Betty’s mind misgave her as she saw the brightening eye with which he said it; but she could not but like the youth himself, he was so bright, unspoilt, and engaging that she could not think him capable of doing wilful wrong to her darling. Yet how soon would the young soldier, plunged into the midst of fashionable society, learn to look on the fair girl with the dissipated eyes of his associates? There was some comfort in finding that Mr. Wayland was expected to return in less than a year, and that his stepson seemed to regard him with unbounded respect, as a good, just, and wise man, capable of everything! Indeed Sir Amyas enlightened Mr. Arden on the scientific construction of some of Mr. Wayland’s inventions so as to convince both the clergyman and the soldier that the lad himself was no fool, and had profited by his opportunities.

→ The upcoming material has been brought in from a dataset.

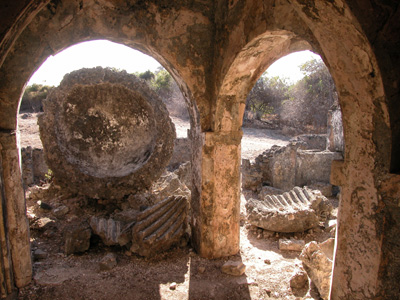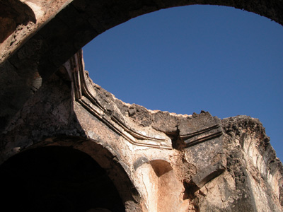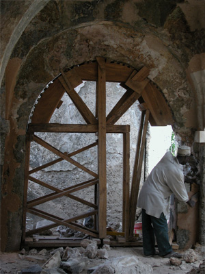 Stabilizing the tops of the walls. A colony of bats enjoy the domed ceilings.

Major Delavie produced his choice Tokay, a present from an old Hungarian brother-officer, and looked happier than since Aurelia’s departure. He was no match-maker, and speculated on no improbable contingencies for his daughter, but he beheld good hopes for the Delavie property and tenants in an heir such as this, and made over his simple loyal heart to the young man. Presently he inquired whether the unfortunate Mr. Belamour still maintained his seclusion.

“Yes, sir,” was the reply. “He still lives in two dark rooms with shutters and curtains excluding every ray of light. He keeps his bed for the greater part of the day, but sometimes, on a very dark night, will take a turn on the terrace.”

“Poor gentleman!” said Betty. “Has he no employment or occupation?”

“Mr. Wayland contrived a raised chess and draught board, and persuaded him to try a few games before we went abroad, but I do not know whether he has since continued it.”

“Does he admit any visits?”

“Oh no. He has been entirely shut up, except from the lawyer, Hargrave, on business. Mr. Wayland, indeed, strove to rouse him from his despondency, but without success, except that latterly he became willing to receive him.”

“Have you ever conversed with him?”

There was an ingenuous blush as the young man replied. “I fear I must confess myself remiss. Mr. Wayland has sometimes carried me with him to see my uncle, but not with my good will, and my mother objected lest it should break my spirits. However, when I left Gibraltar, my good father charged me to endeavour from time to time to enliven my uncle’s solitude, but there were impediments to my going to him, and I take shame to myself for not having striven to overcome them.”

“Rightly spoken, my young kinsman,” cried the Major. “There are no such impediments as a man’s own distaste.”

“And pity will remove that,” said Betty.

Soon after the removal of the cloth the ladies withdrew, and Eugene was called to his catechism, but he was soon released, for the Tokay had made her father sleepy, while it seemed to have emboldened Mr. Arden, since he came forth with direct intent to engross Harriet; and Sir Amyas wandered towards Betty, apologising for the interruption.